Reproduce the records word for word, apart from the images they contain.

════════════════════

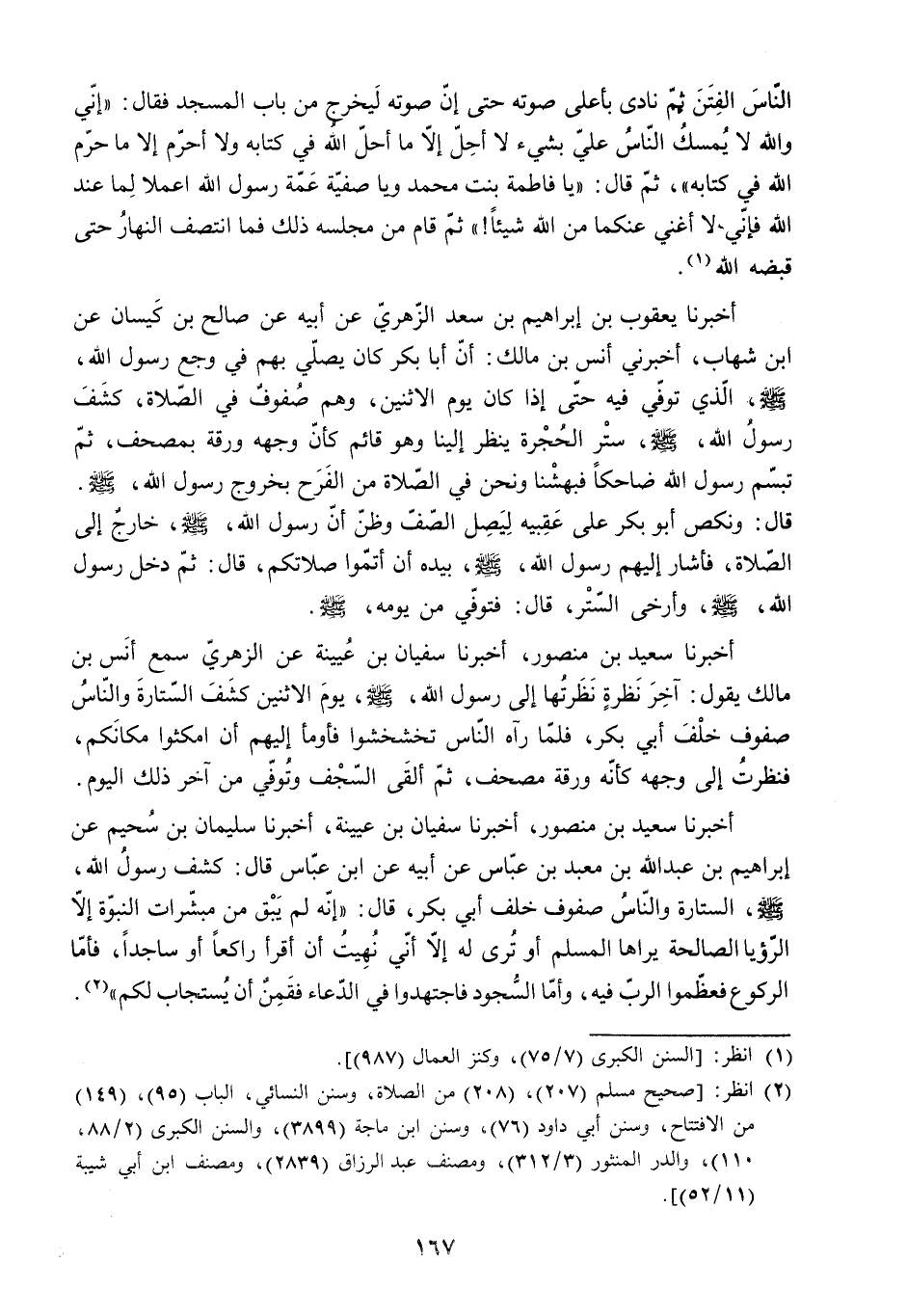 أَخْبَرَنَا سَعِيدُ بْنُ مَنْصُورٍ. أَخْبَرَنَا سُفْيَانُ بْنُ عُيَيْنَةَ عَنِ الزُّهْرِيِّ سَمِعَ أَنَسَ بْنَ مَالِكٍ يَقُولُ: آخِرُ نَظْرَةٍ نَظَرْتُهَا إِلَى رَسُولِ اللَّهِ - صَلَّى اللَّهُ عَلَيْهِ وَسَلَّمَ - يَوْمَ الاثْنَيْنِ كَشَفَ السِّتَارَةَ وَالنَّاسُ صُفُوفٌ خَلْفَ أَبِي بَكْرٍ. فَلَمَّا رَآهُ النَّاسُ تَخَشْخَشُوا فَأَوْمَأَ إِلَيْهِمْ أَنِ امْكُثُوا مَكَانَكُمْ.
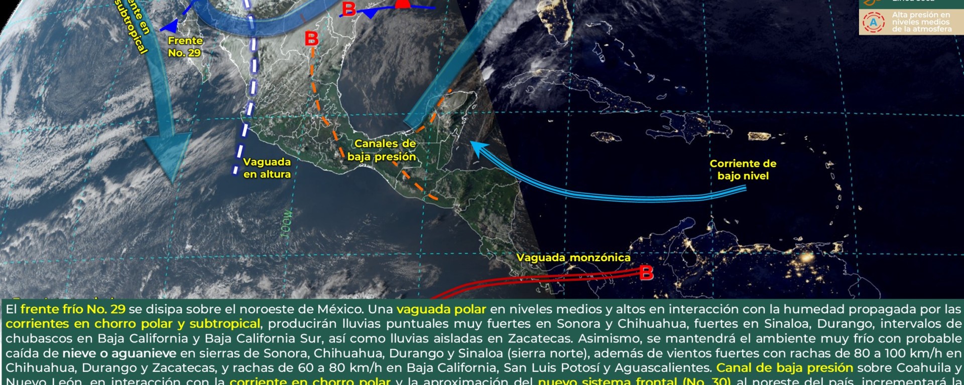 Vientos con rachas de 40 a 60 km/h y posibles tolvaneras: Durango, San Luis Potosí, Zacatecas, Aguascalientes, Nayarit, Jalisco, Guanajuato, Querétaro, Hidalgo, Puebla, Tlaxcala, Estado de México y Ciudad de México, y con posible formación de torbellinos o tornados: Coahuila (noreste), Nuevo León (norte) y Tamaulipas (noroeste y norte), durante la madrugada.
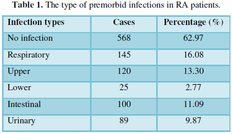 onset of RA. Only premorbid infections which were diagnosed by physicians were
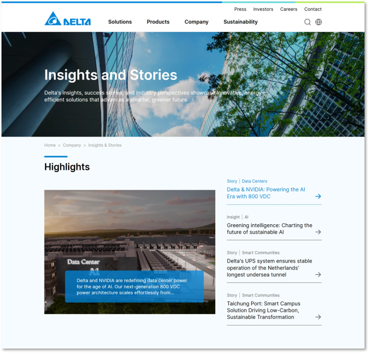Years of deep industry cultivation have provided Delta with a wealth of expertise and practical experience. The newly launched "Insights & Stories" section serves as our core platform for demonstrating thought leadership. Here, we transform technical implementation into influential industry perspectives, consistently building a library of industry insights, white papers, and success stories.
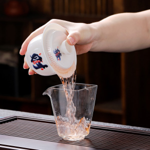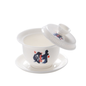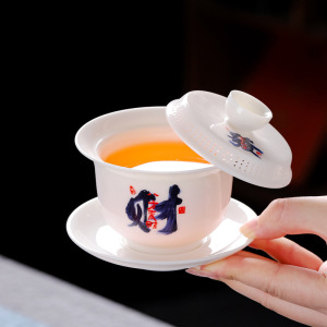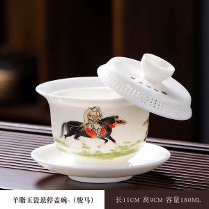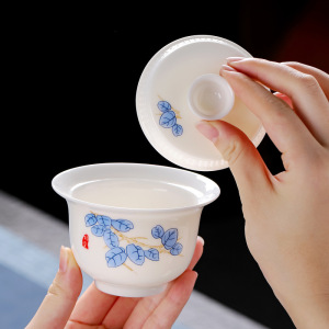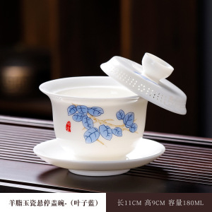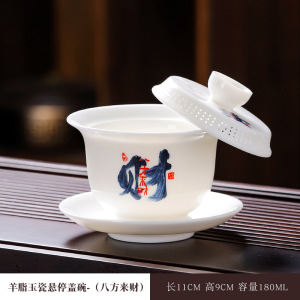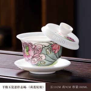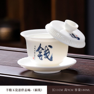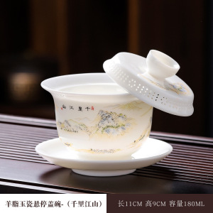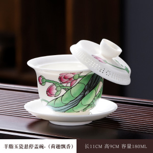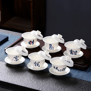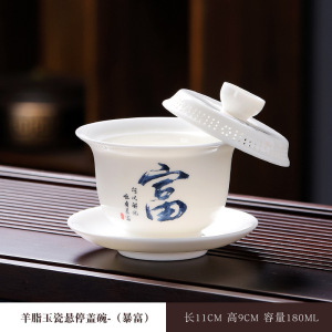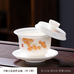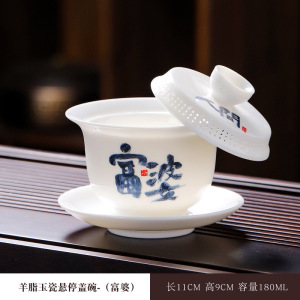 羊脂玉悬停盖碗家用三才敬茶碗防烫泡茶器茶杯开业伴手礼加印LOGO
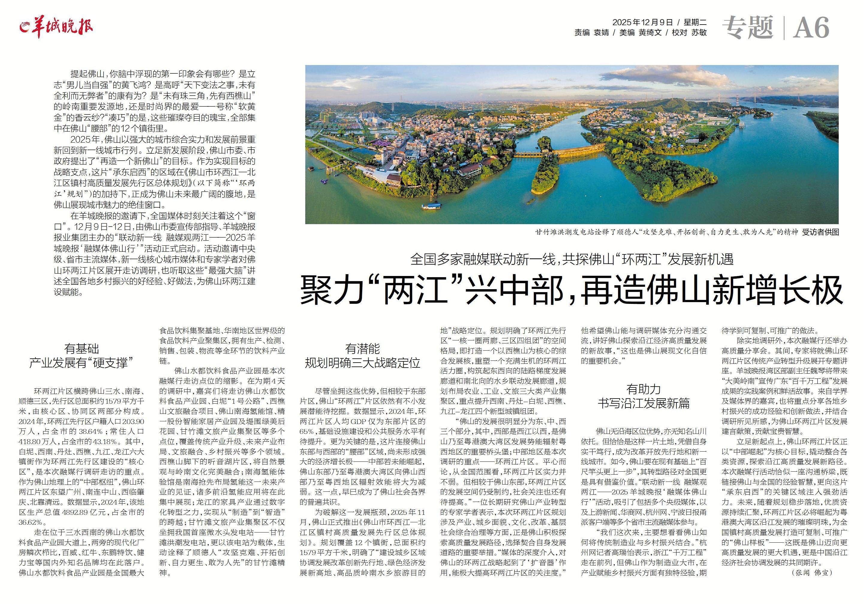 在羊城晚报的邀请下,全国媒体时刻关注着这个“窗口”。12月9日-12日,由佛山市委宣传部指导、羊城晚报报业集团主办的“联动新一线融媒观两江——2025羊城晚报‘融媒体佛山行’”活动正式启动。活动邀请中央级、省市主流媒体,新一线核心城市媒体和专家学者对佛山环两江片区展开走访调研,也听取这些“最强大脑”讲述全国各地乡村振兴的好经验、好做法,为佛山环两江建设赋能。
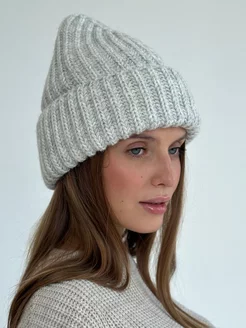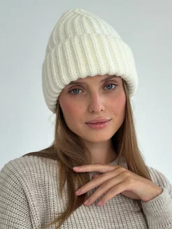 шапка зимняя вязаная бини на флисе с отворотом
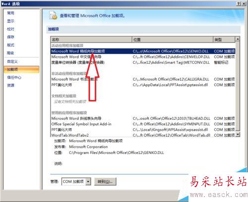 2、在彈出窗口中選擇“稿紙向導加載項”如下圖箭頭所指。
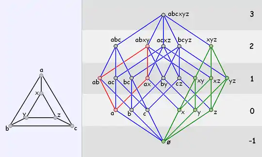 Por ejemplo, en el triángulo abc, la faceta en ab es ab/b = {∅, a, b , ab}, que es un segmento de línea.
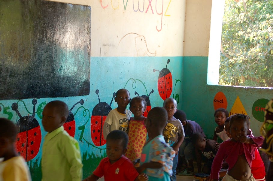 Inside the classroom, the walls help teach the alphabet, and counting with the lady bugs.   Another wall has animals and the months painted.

════════════════════

*Solution:*
 أَخْبَرَنَا سَعِيدُ بْنُ مَنْصُورٍ. أَخْبَرَنَا سُفْيَانُ بْنُ عُيَيْنَةَ عَنِ الزُّهْرِيِّ سَمِعَ أَنَسَ بْنَ مَالِكٍ يَقُولُ: آخِرُ نَظْرَةٍ نَظَرْتُهَا إِلَى رَسُولِ اللَّهِ - صَلَّى اللَّهُ عَلَيْهِ وَسَلَّمَ - يَوْمَ الاثْنَيْنِ كَشَفَ السِّتَارَةَ وَالنَّاسُ صُفُوفٌ خَلْفَ أَبِي بَكْرٍ. فَلَمَّا رَآهُ النَّاسُ تَخَشْخَشُوا فَأَوْمَأَ إِلَيْهِمْ أَنِ امْكُثُوا مَكَانَكُمْ.
 Vientos con rachas de 40 a 60 km/h y posibles tolvaneras: Durango, San Luis Potosí, Zacatecas, Aguascalientes, Nayarit, Jalisco, Guanajuato, Querétaro, Hidalgo, Puebla, Tlaxcala, Estado de México y Ciudad de México, y con posible formación de torbellinos o tornados: Coahuila (noreste), Nuevo León (norte) y Tamaulipas (noroeste y norte), durante la madrugada.
 onset of RA. Only premorbid infections which were diagnosed by physicians were
Years of deep industry cultivation have provided Delta with a wealth of expertise and practical experience. The newly launched "Insights & Stories" section serves as our core platform for demonstrating thought leadership. Here, we transform technical implementation into influential industry perspectives, consistently building a library of industry insights, white papers, and success stories.
 羊脂玉悬停盖碗家用三才敬茶碗防烫泡茶器茶杯开业伴手礼加印LOGO
 在羊城晚报的邀请下,全国媒体时刻关注着这个“窗口”。12月9日-12日,由佛山市委宣传部指导、羊城晚报报业集团主办的“联动新一线融媒观两江——2025羊城晚报‘融媒体佛山行’”活动正式启动。活动邀请中央级、省市主流媒体,新一线核心城市媒体和专家学者对佛山环两江片区展开走访调研,也听取这些“最强大脑”讲述全国各地乡村振兴的好经验、好做法,为佛山环两江建设赋能。
 шапка зимняя вязаная бини на флисе с отворотом
 2、在彈出窗口中選擇“稿紙向導加載項”如下圖箭頭所指。
 Por ejemplo, en el triángulo abc, la faceta en ab es ab/b = {∅, a, b , ab}, que es un segmento de línea.
 Inside the classroom, the walls help teach the alphabet, and counting with the lady bugs.   Another wall has animals and the months painted.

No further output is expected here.